In essence, every computer using Panda’s Cloud Antivirus is networked together through Panda’s server to form a “collective intelligence” for malware detection and prevention. Here’s how it works: users download and install Panda’s software – it’s a small application known as an “agent” because the heavy lifting is done on Panda’s server. These agents send reports back to the Panda server containing information about new files (and, I presume, related computer activity which might indicate the presence of malware). When the server receives reports about previously unknown files which resemble, according to the logic of the classification engine, files already known to be malware, these new files are classified as threats without waiting for manual review by human security experts.

Security Camera
Sampling at the right time and place allows proactive decision making.
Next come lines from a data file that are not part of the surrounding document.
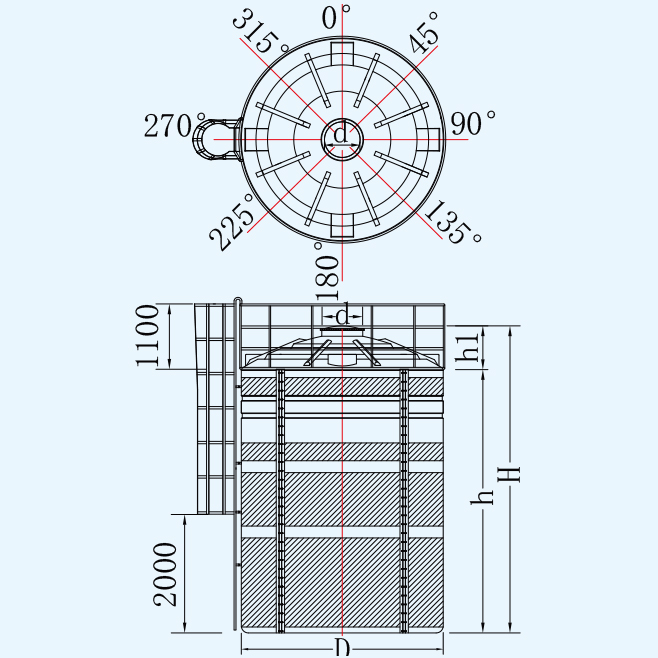 | 名稱 | 型 號(hào) | 容量L | 桶體D | 人孔d | 垂高h(yuǎn) | 總高H |
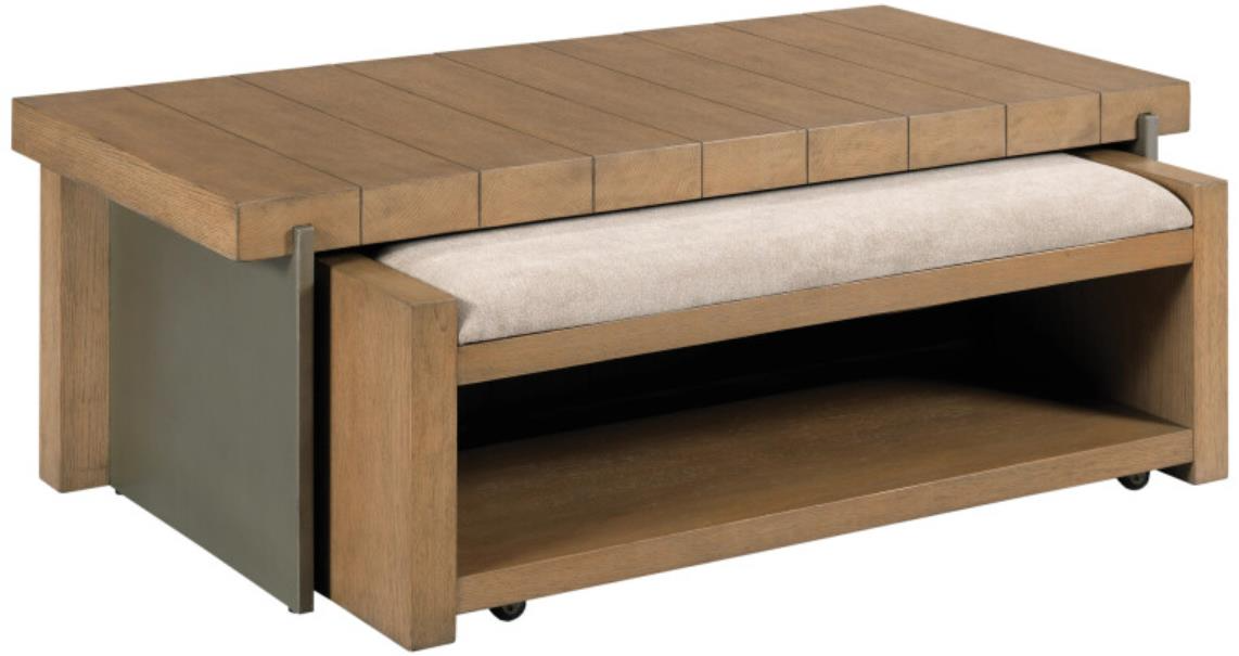 The Hammary Spence Coffee Table and Bench from the Hidden Treasures Collection blends style and function. Crafted from white oak veneers and select solids, it features a rustic plank-style top, a cushioned bench, an open storage shelf, and metal accents. Casters provide mobility, making it perfect for versatile, space-saving living.Read More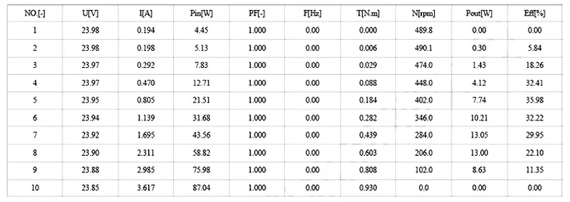 Ниже приведены тестовые данные постоянного тока 24 В со скоростью холостого хода 500 об/мин.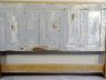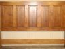 This is a king bed headboard with a formal front & farmhouse back. The piece is an old heart pine door stripped on one side, framed with poplar, stained with MinWax Pecan & clear coated with satin finish.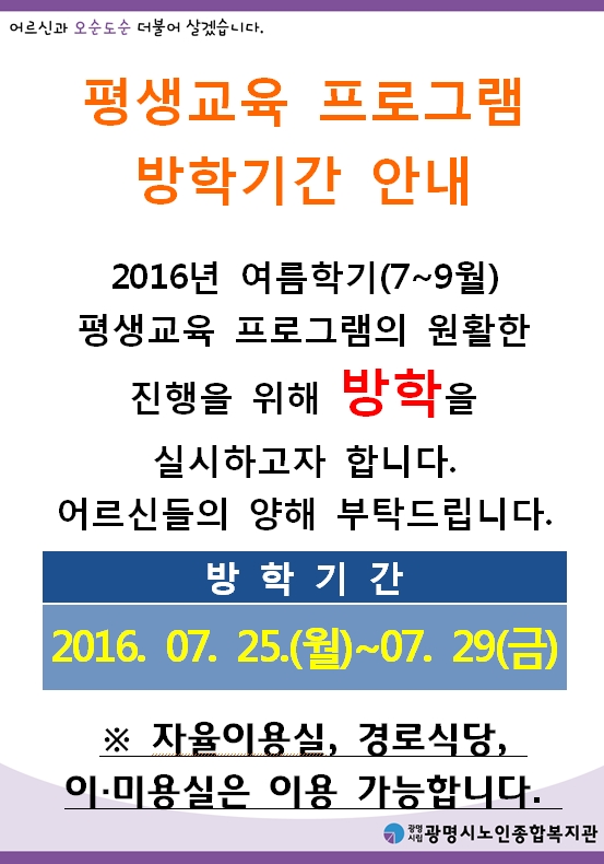 안녕하세요. 광명시노인종합복지관 평생교육 프로그램 방학을 안내해 드립니다.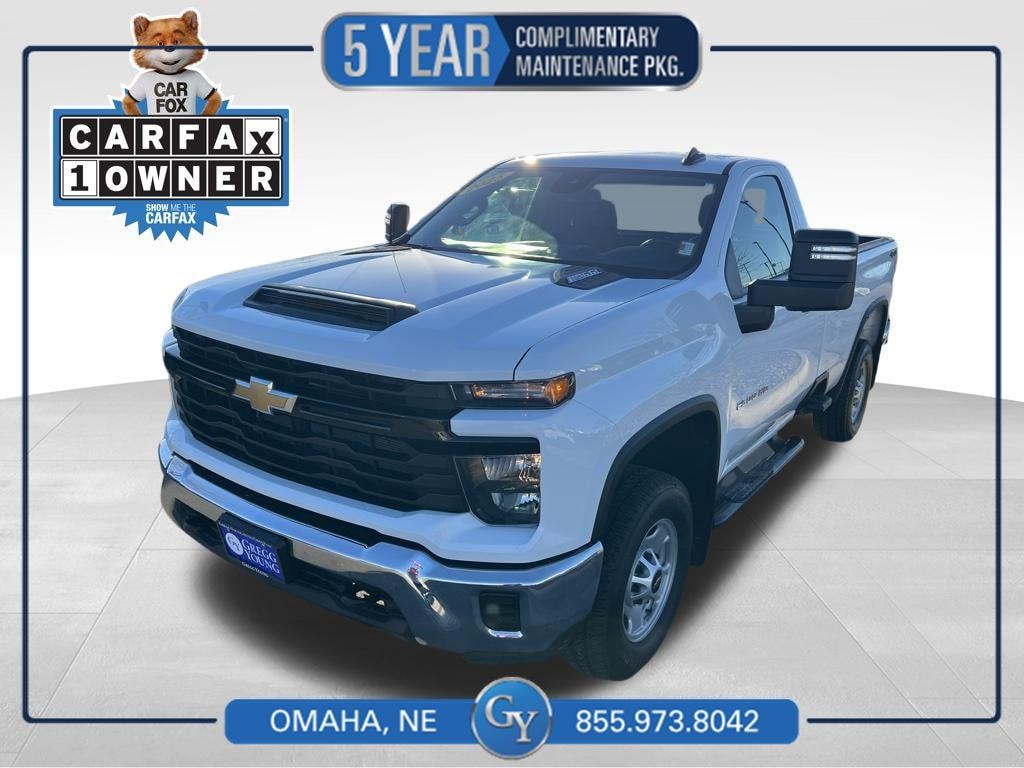 Why BUY from Gregg Young Chevy Omaha? When you choose this Summit White 2025 Chevrolet Silverado 2500HD Work Truck with 14,847 miles, you are not just buying a used vehicle - you are investing in quality, reliability and peace of mind. Our clientele depend on us for Transparent Pricing, Convenience and, most importantly, Customer FIRST Service! All purchases include 5 year Complimentary Maintenance Package, valued at over $1,000! What this vehicle includes: WT Convenience Package ($785 value)Deep-Tinted GlassElectric Rear-Window DefoggerEZ Lift Power Lock and Release TailgatePreferred Equipment Group 1WTLocking TailgateChevrolet Connected Access CapableSolar Absorbing Tinted GlassRemote Keyless EntryPower Door LocksPower Front Windows with Driver Express Up/downRubberized-Vinyl Floor CoveringBluetooth For PhonePush Button StartCompassDurabed Pickup Bed3.73 Rear Axle RatioElectronic Cruise Control with Set and Resume Speed170 Amp Alternator6.6L Gas V8 Engine with Direct Injection and VVTBlack Mirror CapsAllison 10-Speed Automatic TransmissionManual Tilt-Wheel Steering Column2-Speed Electronic Shift Transfer CaseWireless Phone Projection17" Silver Painted Steel WheelsStandard TailgateManual Tailgate Function with No EZ Lift3.5" Diagonal Monochromatic Display DICOnStar Services CapableHD Rear Vision CameraBlack Front BumperBlack Rear BumperWi-Fi Hotspot CapableSuspension PackageSnow Plow Prep/camper Package ($530 value)220 Amp AlternatorSkid Plates Safety and Security Forward collision mitigation - Forward thinking. You look away for just a second and suddenly the vehicle in front of you has stopped. That's when the forward collision mitigation system comes to life. When it senses an impending impact, it will activate a combination of features to help prevent or reduce the severity of an accident. Forward collision mitigation is always looking ahead. Pedestrian impact prevention - An extra step toward safety. Pedestrians don't always stop, look, and listen, but with Pedestrian Impact Prevention, your vehicle is equipped to better see them and avoid them. This system constantly monitors the road ahead to identify and track pedestrians. It projects that image to an interior display screen, AND should an impact become likely, Pedestrian impact prevention takes steps to avoid a collision. Rear camera - Watching your back! The rear camera helps you see obstacles and hazards you otherwise couldn't by showing enhanced images of what is behind you. The rear camera is an extra set of eyes that's both convenient and safe.Technology and Telematics Apple CarPlay/Android Auto smart device wireless mirroring Mobile hotspot - WiFi on the fly. Connect your devices to the Internet through your vehicles private mobile hotspot and take the internet wherever your journey takes you, without eating up your data allowance. Find the hotspot with mobile hotspot. DURABED, PICKUP BED, EMISSIONS, FEDERAL REQUIREMENTS, ENGINE, 6.6L V8, TRANSMISSION, ALLISON 10-SPEED AUTOMATIC, LOWERED GVWR, 10,000 LBS. (4536 KG), REAR AXLE, 3.73 RATIO, WHEELS, 17" (43.2 CM) PAINTED STEEL, SILVER, TIRES, LT265/70R17E ALL-TERRAIN, BLACKWALL, TIRE, SPARE LT265/70R17E ALL-TERRAIN, BLACKWALL, SUMMIT WHITE, SEATS, FRONT 40/20/40 SPLIT-BENCH, JET BLACK, VINYL SEAT TRIM, AUDIO SYSTEM, CHEVROLET INFOTAINMENT 3 SYSTEM, WT CONVENIENCE PACKAGE, SNOW PLOW PREP/CAMPER PACKAGE, ALTERNATOR, 220 AMPS, SKID PLATES, BUMPER, FRONT CHROME, BUMPER, REAR CHROME, POWER OUTLET, BED MOUNTED, 120-VOLT, MIRRORS, OUTSIDE POWER-ADJUSTABLE VERTICAL TRAILERING WITH HEATED AND AUTO-DIMMING UPPER GLASS, GLASS, DEEP-TINTED, CHEVYTEC SPRAY-ON BEDLINER, LICENSE PLATE KIT, FRONT, TAILGATE, GATE FUNCTION MANUAL WITH EZ LIFT, POWER OUTLET, INTERIOR, 120-VOLT, DEFOGGER, REAR-WINDOW ELECTRIC, MIRROR, INSIDE REARVIEW AUTO-DIMMING When you choose a Certified Pre-Owned vehicle from Gregg Young, youre not just buying a used car youre getting extra protection, added peace of mind, and built-in value you wont find with an

For example, imagine a new virus is released onto the net by its creators. People surfing the net, opening emails, and inserting digital media start downloading this new file, which can’t be identified as a virus by traditional anti-virus software because it hasn’t been placed in any virus definitions list yet. Computers on which the Panda agent has been installed begin sending reports about the new file back to the Panda server. After some number of reports about the file are received by Panda’s server, the server is able to determine that the new file should be treated as a virus. At this point all computers in the Panda customer network are preemptively warned about the virus, even though it has only just appeared.

According to Panda’s April 29, 2009 press release:

Utilizing Panda’s proprietary cloud computing technology called Collective Intelligence, Panda Cloud Antivirus harnesses the knowledge of Panda’s global community of millions of users to automatically identify and classify new malware strains in almost real-time. Each new file received by Collective Intelligence is automatically classified in under six minutes. Collective Intelligence servers automatically receive and classify over 50,000 new samples every day. In addition, Panda’s Collective Intelligence system correlates malware information data collected from each PC to continually improve protection for the community of users.
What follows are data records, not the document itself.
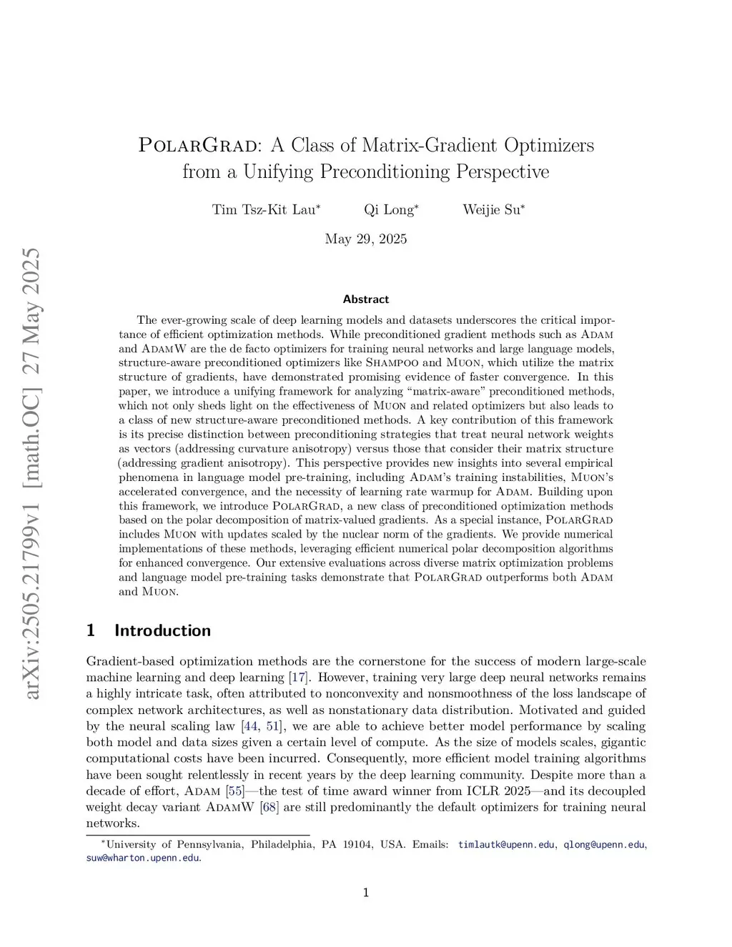The ever-growing scale of deep learning models and training data underscores the critical importance of efficient optimization methods. While preconditioned gradient methods such as Adam and AdamW are the de facto optimizers for training neural networks and large language models, structure-aware preconditioned optimizers like Shampoo and Muon, which utilize the matrix structure of gradients, have demonstrated promising evidence of faster convergence. In this paper, we introduce a unifying framework for analyzing "matrix-aware" preconditioned methods, which not only sheds light on the effectiveness of Muon and related optimizers but also leads to a class of new structure-aware preconditioned methods. A key contribution of this framework is its precise distinction between preconditioning strategies that treat neural network weights as vectors (addressing curvature anisotropy) versus those that consider their matrix structure (addressing gradient anisotropy). This perspective provides new insights into several empirical phenomena in language model pre-training, including Adam's training instabilities, Muon's accelerated convergence, and the necessity of learning rate warmup for Adam. Building upon this framework, we introduce PolarGrad, a new class of preconditioned optimization methods based on the polar decomposition of matrix-valued gradients. As a special instance, PolarGrad includes Muon with updates scaled by the nuclear norm of the gradients. We provide numerical implementations of these methods, leveraging efficient numerical polar decomposition algorithms for enhanced convergence. Our extensive evaluations across diverse matrix optimization problems and language model pre-training tasks demonstrate that PolarGrad outperforms both Adam and Muon.
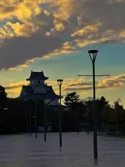 At dusk, as you step out of Nagahama Station, you'll spot Nagahama Castle. Head to the park behind the castle to witness the breathtaking 🌅 sunset scene.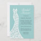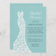 Une robe mariage en dentelle vintage accentue cette invitation à la douche nuptiale sur un joli arrière - plan turquoise.
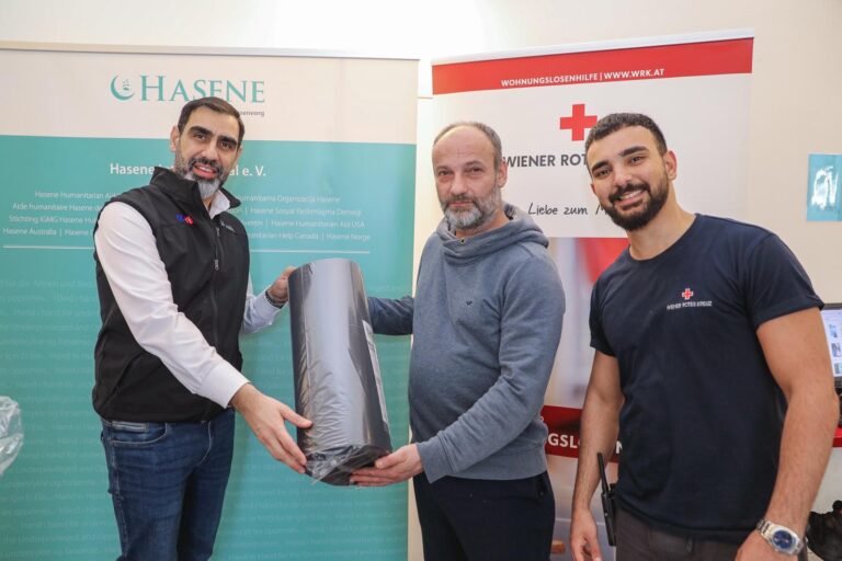 Hasene Avusturya, Wiener Rotes Kreuz ile birlikte evsiz insanlar için uyku tulumu ve mat desteği sağlıyor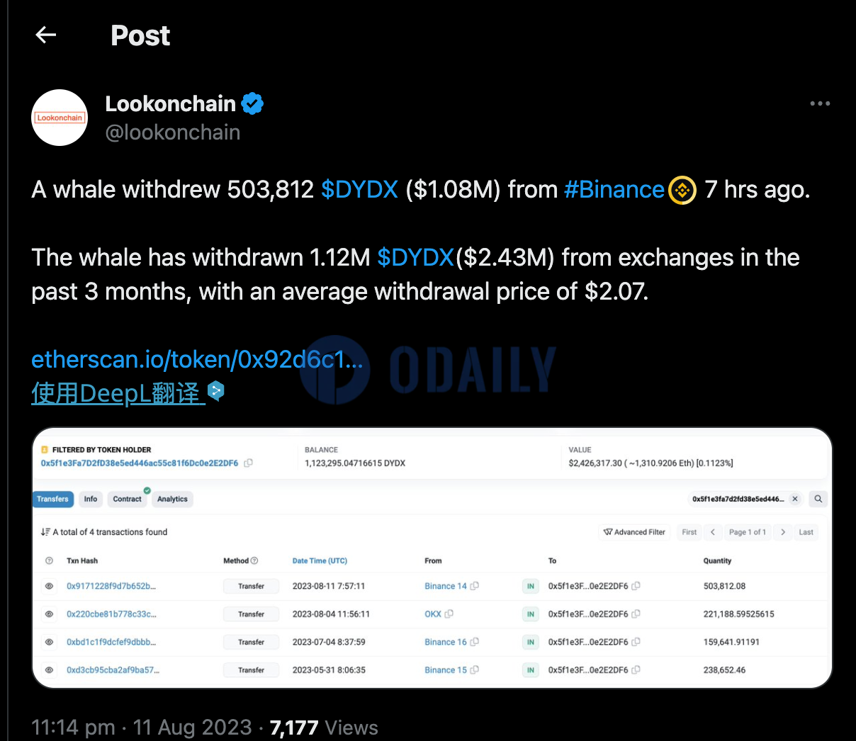 该巨鲸近3个月从各交易所共计提出112万枚DYDX,均价2.07美元。
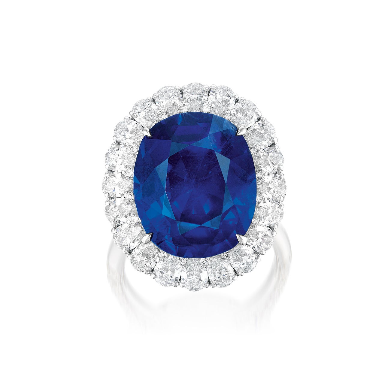 One oval-shaped sapphire, 14.93 caratsPear-shaped and brilliant-cut diamond surround, 3.73 carats18K white gold<em>GRS Report: Burma, no indication of thermal treatment, 'Royal Blue' colour</em>

Because Panda’s solution is cloud-based and free to consumers, it will reside on a large number of different computers and networks worldwide. This is how Panda’s cloud solution is able to fill a dual role as both sampling and classification engine for virus activity. On the one hand Panda serves as manager of a communal knowledge pool that benefits all consumers participating in the free service. On the other hand, Panda can sell the malware detection knowledge it gains to corporate customers – wherein lies the revenue model that pays for the free service.

I have friends working in two unrelated startups, one concerning business financial data and the other Enterprise application deployment ROI, that both work along similar lines (although neither are free to consumers). Both startups offer a combination of analytics for each customer’s data plus access to benchmarks established by anonymously aggregating data across customers.
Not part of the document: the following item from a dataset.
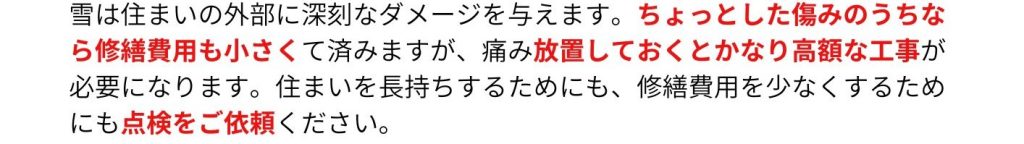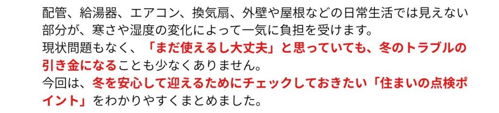 寒い冬を乗り切るために、今のタイミングで住まいの点検をお勧めします。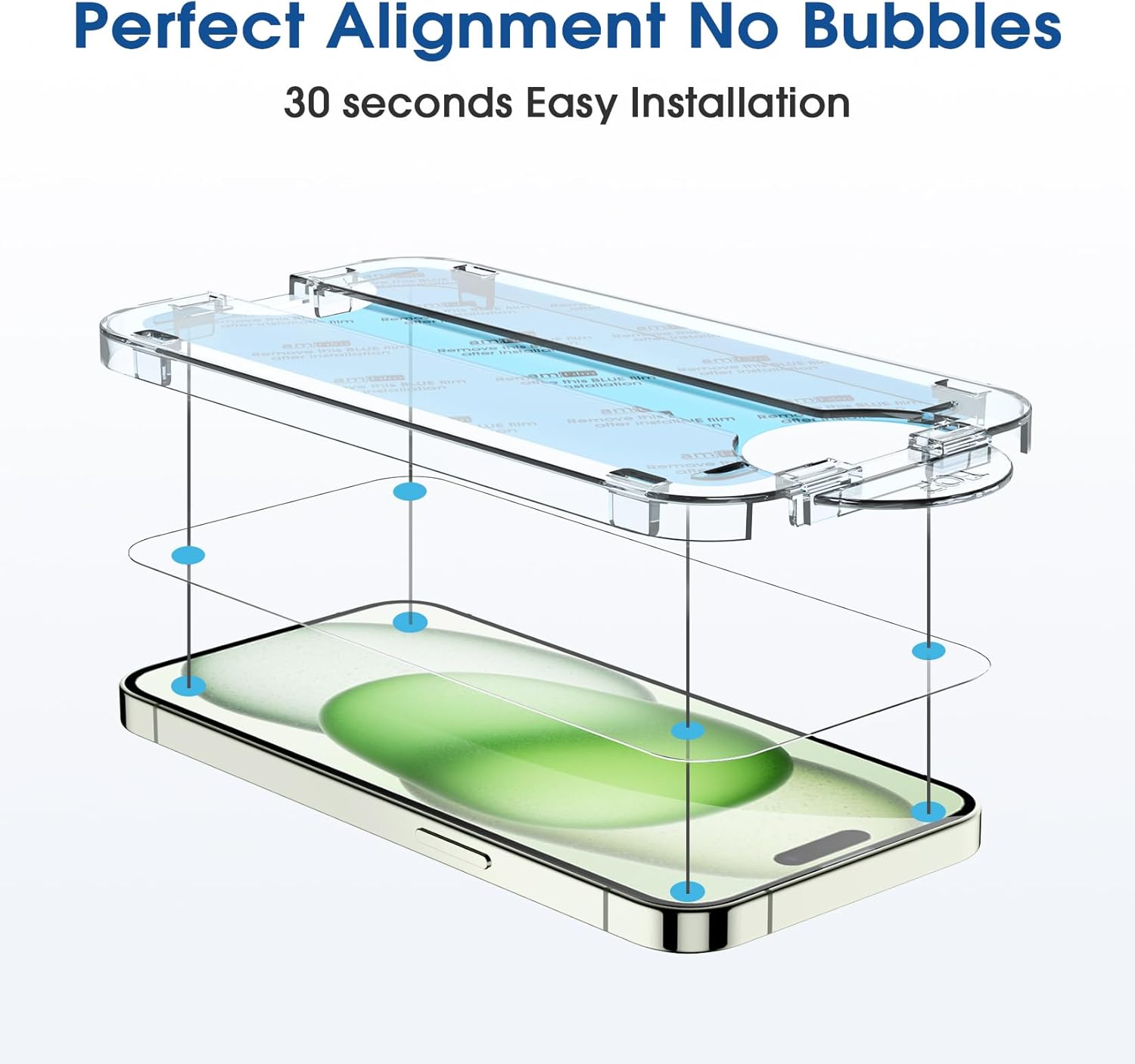[2+2 Pack] iphone 15 Plus 6.7″ Screen Protectors, two auto alignment tool kits (screen protectors come pre-installed in the auto alignment tool) ,two installation accessory kits and one glass camera lens protector.

Panda’s cloud analytics, aggregation and classification mechanism is also analogous to the non-boolean document categorization software for eDiscovery discussed in previous posts in this blog, whereby unreviewed documents can be automatically (and thus inexpensively) classified for responsiveness and privilege:

Deeper, even more powerful extensions of this principle are also possible. I anticipate that we will soon see software which will automatically classify all of an organization’s documents as they are created or received, including documents residing on employees laptop and mobile devices. Using Panda-like classification logic, new documents will be classified accurately whether or not they are of an exact match with anything previously known to the classification system. This will substantially improve implementation speed and accuracy for search, access control and collaboration, document deletion and preservation, end point protection, storage tiering, and all other IT, legal and business information management policies.